We’ve noticed that asking questions online takes a looooooooooong time. Whether it’s processing the question (in Latin) and coming up with a response, or tech delays like unmuting and typing into chat, there are definitely obstacles to this most basic way to engage students. Here are some solutions…
Quick Quiz as Annotation Tasks
I’ve stopped Quick Quizzes entirely, but kept using the same questions as Annotation Tasks. These simple tasks keep students following along with a text by writing in their notebooks. You could call this “accountability” if it makes you feel more like a teacher of the year. Like Quick Quizzes, they’re also an opportunity to establish meaning in a different way. For example:
Ōrīōnī valdē placuērunt sorōrēs septem.
Last week in class, the task was “in your notebook, write down how many sisters Orion really liked.” This isn’t a trick. Students already read “septem” in the previous sentence along with numerals (VII), and they could even count the number of sisters in the illustration. The point of an Annotation Task is to hold attention with something VERY simple to do. As a bonus, the meaning of all the other words can be given in the question itself.
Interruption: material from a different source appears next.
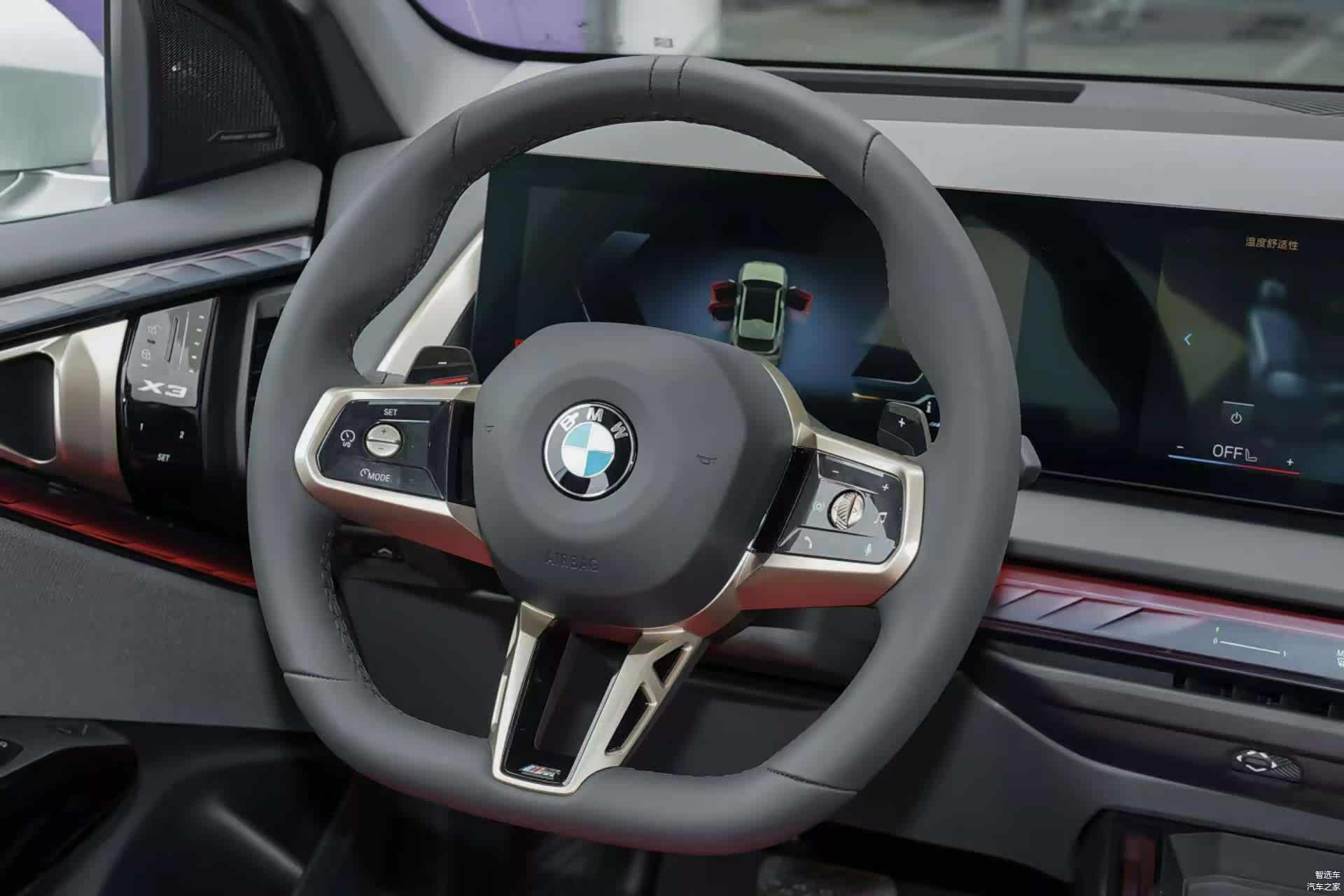 车内的话,全新宝马X3采用了宝马最新的家族化双联屏,由12.3英寸数字仪表和14.9英寸中央触控显示屏组成,内置宝马iDrive 9.0操作系统,支持快速选择、语音识别控制、在线导航等功能。此外,还在中控屏下方、空调出风口、手机无线充电面板等区域加入了和宝马5系相同的氛围灯带,并且门板内衬处呈现出“V”字形轮廓。

An even easier question would be “who really liked the seven sisters.” A trickier question would be “what did Orion really like?” Another task entirely would be “write down what ‘sorōrēs septem’ means,” and well, you get the idea. These also serve as gradebook evidence…
Weekly Latin Work
If you’re familiar with the super reasonable weekly Latin work idea from August, I can report that this helps everyone except students who don’t have the best digital literacy and independent learner skills, which is basically all incoming 9th grade high school students!! I’m not really surprised. In the end, the weekly Latin work was still a homework assignment, however simple, and I haven’t bothered with homework for years.
For Quarter 2, we’ll be replacing this idea with an in-class version that’s even more streamlined—just one pic of notebook from class—as gradebook evidence for in-class participation. You could think of this as one exit ticket once a week. That’s it! Towards the end of class, I just drop the Bitly link into chat so students on laptops can easily type a short URL into their phone and instantly snap a pic, and voilà!
When combined with the Annotation Tasks above, you can see who was responding throughout class, even with those empty squares and muted mics. And if you get back some pretty thin-looking notes, you can follow up with students on the source of their Zoom ghosting. Seriously, just ask. I’ve learned of several different legit reasons, including a student quarantined from his COVID-positive mom along with a sibling and grandmother. Reading the myth of Orion and the Seven Sisters is pretty low in terms of that kid’s needs, right?
Cynthia Hitz’ Engagement trick:
Consider using Cynthia’s trick for additional questions. My take on that is something like:
- “This Q is for Student X…”
- “OK class, what did Student X write in their notebook?”
This can engage all students as well as show us if Student X actually writes down (when submitted at end of class). Also, whether they came up with the response on their own, or they heard their/saw classmates respond and then wrote it down afterwards doesn’t actually matter! This is a management tool.